Results – large language model (LLM)
For comparison, the authors converted the same sensor streams into textual summaries (e.g., “HR rose from 78 to 95 bpm; steps increased from 200 to 500”) and fed them to a GPT‑4‑style LLM via carefully crafted prompts. The LLM’s predictive accuracy hovered around 0.58, and its explanations were generic, referencing standard pain‑management guidelines rather than patient‑specific physiological patterns. The authors attribute this poor performance to (1) sub‑optimal prompt engineering, (2) lack of domain‑specific fine‑tuning, and (3) the LLM’s limited ability to ingest raw time‑series data without a multimodal architecture.

Clinical implications
The study demonstrates that wearable‑derived physiological markers, when processed with interpretable tree‑based algorithms, can flag impending pain spikes with sufficient reliability to support real‑time clinical decision‑making. Early alerts could trigger non‑pharmacologic interventions (mindfulness, breathing exercises), prompt medication adjustments, or schedule a brief tele‑visit, thereby reducing the likelihood of opioid craving, relapse, and MOUD non‑adherence.

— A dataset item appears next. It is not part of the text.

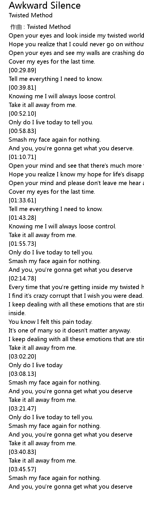| [02:40.45] | Every time that you're getting inside my twisted head. |

Limitations and future directions
Key limitations include the modest sample size, short observation window, and reliance on self‑reported pain spikes, which may introduce subjective bias. The authors also acknowledge that the LLM’s underperformance highlights a broader gap: current large language models are not yet equipped to directly process multimodal clinical time‑series data. Future work should (a) expand to multi‑site, longer‑duration cohorts, (b) incorporate objective relapse markers (e.g., urine toxicology), (c) develop multimodal transformer architectures that fuse sensor streams with textual notes, and (d) fine‑tune LLMs on domain‑specific corpora to improve interpretability and actionable insight generation.

Conclusion
Wearable sensors combined with conventional machine‑learning models provide a viable, interpretable approach for predicting pain spikes in patients battling both chronic pain and opioid use disorder. While large language models hold promise for generating narrative clinical insights, they currently fall short in this specific multimodal prediction task. Advancing LLM capabilities through domain‑specific fine‑tuning and multimodal integration will be essential to realize fully automated, personalized warning systems that can mitigate relapse risk, improve MOUD adherence, and ultimately foster integrated care for this high‑risk population.